纠错文本:  大家好,一起来参加datawhale的《chatgpt使用指南》组队学习课程吧!
# 查看修改点
import operator
def get_errors(corrected_text, origin_text):
    sub_details = []
    for i, ori_char in enumerate(origin_text):
        if ori_char in [' ', '“', '”', '‘', '’', '琊', '\n', '…', '—', '擤']:
            # add unk word
            corrected_text = corrected_text[:i] + ori_char + corrected_text[i:]
            continue
        if i >= len(corrected_text):
            continue
        if ori_char != corrected_text[i]:
            if ori_char.lower() == corrected_text[i]:
                # pass english upper char
                corrected_text = corrected_text[:i] + ori_char + corrected_text[i + 1:]
                continue
            sub_details.append((ori_char, corrected_text[i], i, i + 1))
    sub_details = sorted(sub_details, key=operator.itemgetter(2))
    return corrected_text, sub_details

correct_text, details = get_errors(output_text[:len(text)], text)
print(details)
[('乘', '程', 37, 38)]

3.3 Text error correction experiment based on OpenAI interface

def correct_text(text):
    content = f"请对以下文本进行文本纠错:\n{
      
      text}"
    response = openai.ChatCompletion.create(
        model="gpt-3.5-turbo", 
        messages=[{
    
    "role": "user", "content": content}]
    )
    corrected_text = response.get("choices")[0].get("message").get("content")
    return corrected_text

text = "大家好,一起来参加DataWhale的《ChatGPT使用指南》组队学习课乘吧!"
output_text = correct_text(text)
print("原始文本: ", text)
print("纠错文本: ", output_text)
原始文本:  大家好,一起来参加DataWhale的《ChatGPT使用指南》组队学习课乘吧!
纠错文本:  大家好,一起来参加DataWhale的《ChatGPT使用指南》组队学习课程吧!
from redlines import Redlines
from IPython.display import display, Markdown

diff = Redlines(' '.join(list(text)),' '.join(list(output_text)))
display(Markdown(diff.output_markdown))

Hello everyone, let's take part in the team study course of Data W hale's "Chat GPT User Guide"!

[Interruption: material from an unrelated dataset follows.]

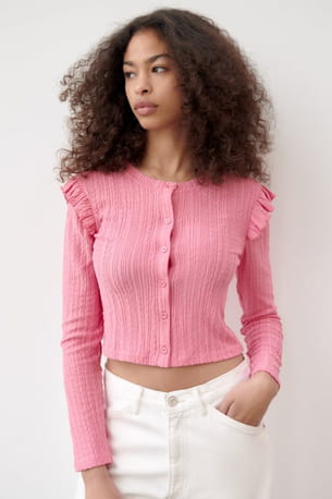 Gilet rose volanté à col rond de Zara
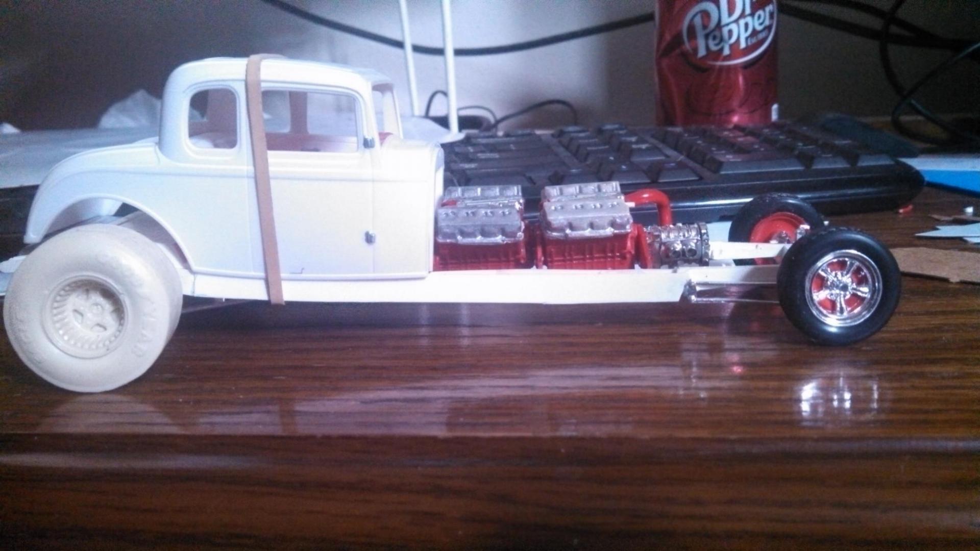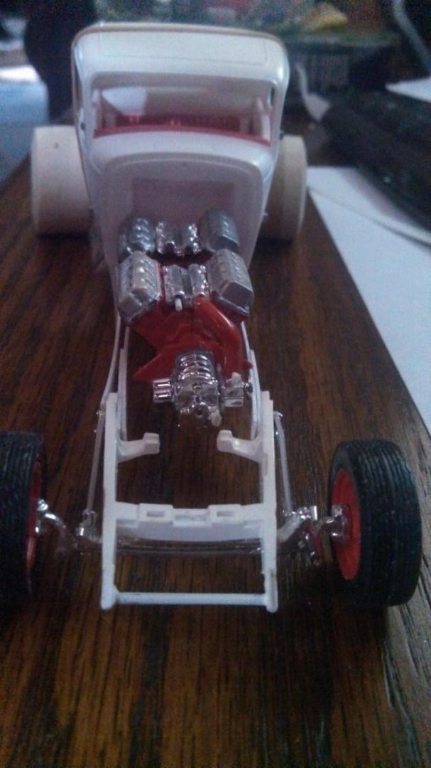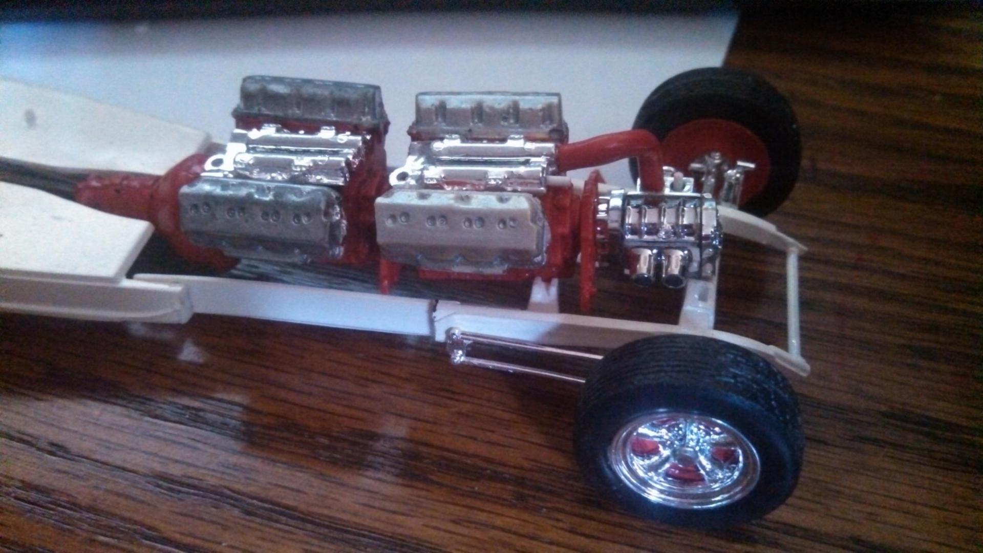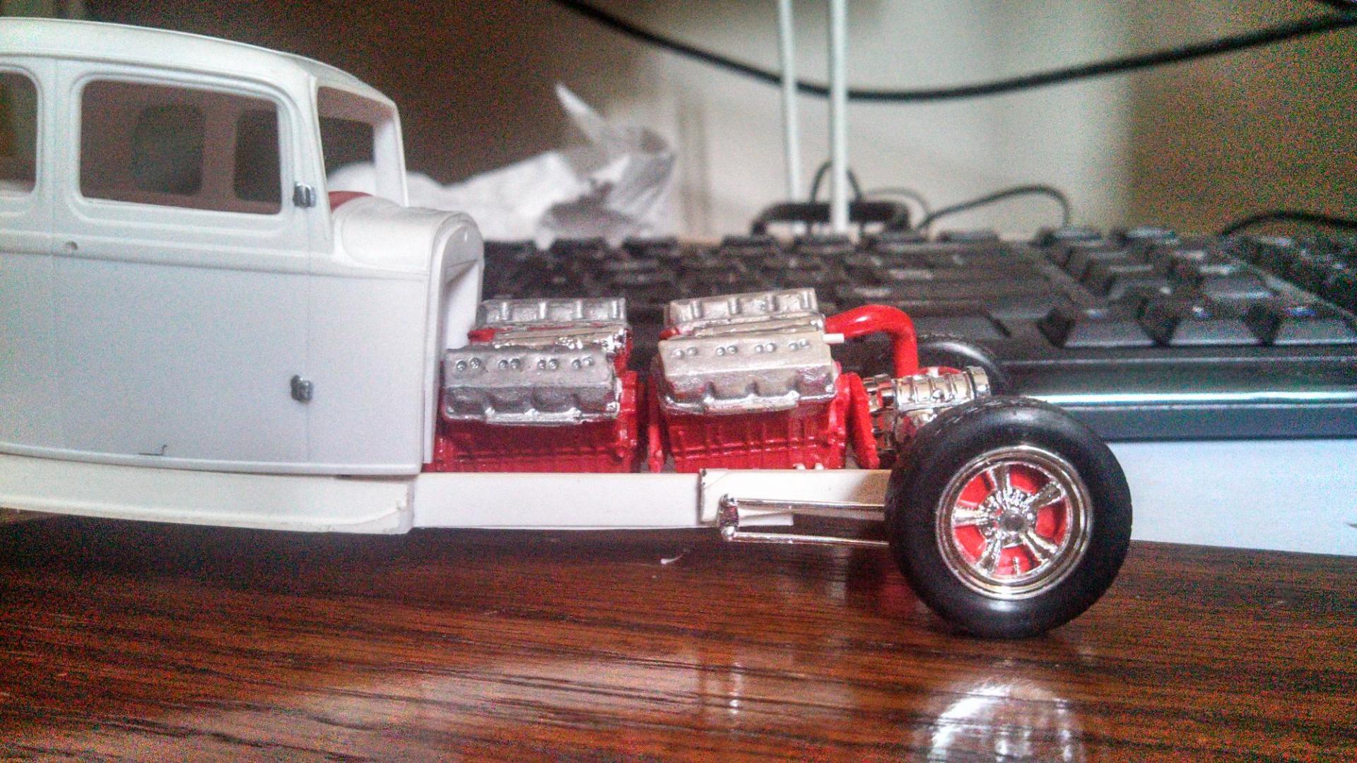 Over the years I have done model cars builds so good some not so good.Some I have sold but mostly have kept. For a while I got out of the hobby because life just got to hectic and my cars reflected it. So I but away everything into storage and went on. A year ago we moved and while packing and unpacking I came across " my supplies " and thought maybe it was time to return to it but this time around I wanted to push myself to see just what I could actually do beyond just building the typical model out of the box. Which is a good thing, as I was going through the boxes and boxes of model stuff I noticed I didn't pack everything or packed it well. Some pieces were broken, missing or i had no clue where they came from. So here it is The Anomaly 32 Ford project. Here is where I left off at. As I said before, I really want to push my self on this build. Since part of it is already done I don't really want to redo what I have done. In my mind I have big dreams for this car but we will see if I can get it done the way I am envisioning it. First I want to put bigger wheels so I found an old pair that I casted in resin. Not sure if I want to go that wide so these for now will just be mock ups. To make this a one of a kind........and well because I don't have all the parts I have enlisted the help from this kit. My plan is to use the motors from this kit ( once again because I am missing the bodies ) to build a fuel injected tandem motor. But with doing so I will have to cut the frame and make it longer so the new motors will fit.

4 Machine Translation Tasks

4.1 What is machine translation?

  Machine translation, also known as automatic translation, is the process of using a computer to convert one natural language (source language) into another natural language (target language). According to incomplete statistics, there are about 7,000 languages ​​in the world, and there are about 700 0 2 7000^2 pairs7000There are two combinations of these languages. There are many phenomena such as polysemy and vertical knowledge in these languages. Therefore, it is possible to use less labeled data, or unsupervisedly allow the computer to truly understand the meaning of the input language, and "believe" and "reach" ", "Elegant" into the output language, has always been the research focus of scholars.

  As we all know, machine translation has always been a research direction that has attracted much attention in the field of natural language processing, and it is also one of the earliest tasks for which natural language processing technology has emerged. Nowadays, there are endless machine translation tools on the market, such as Baidu Translate and Google Translate, which are commonly used by everyone, and even AI simultaneous interpretation that only appeared in science fiction movies when I was a child, such as Xunfei Hear Simultaneous Interpretation. Simply put, it can be divided into general domain (multilingual), vertical domain, term customization, domain adaptation, artificial adaptation, speech translation, etc.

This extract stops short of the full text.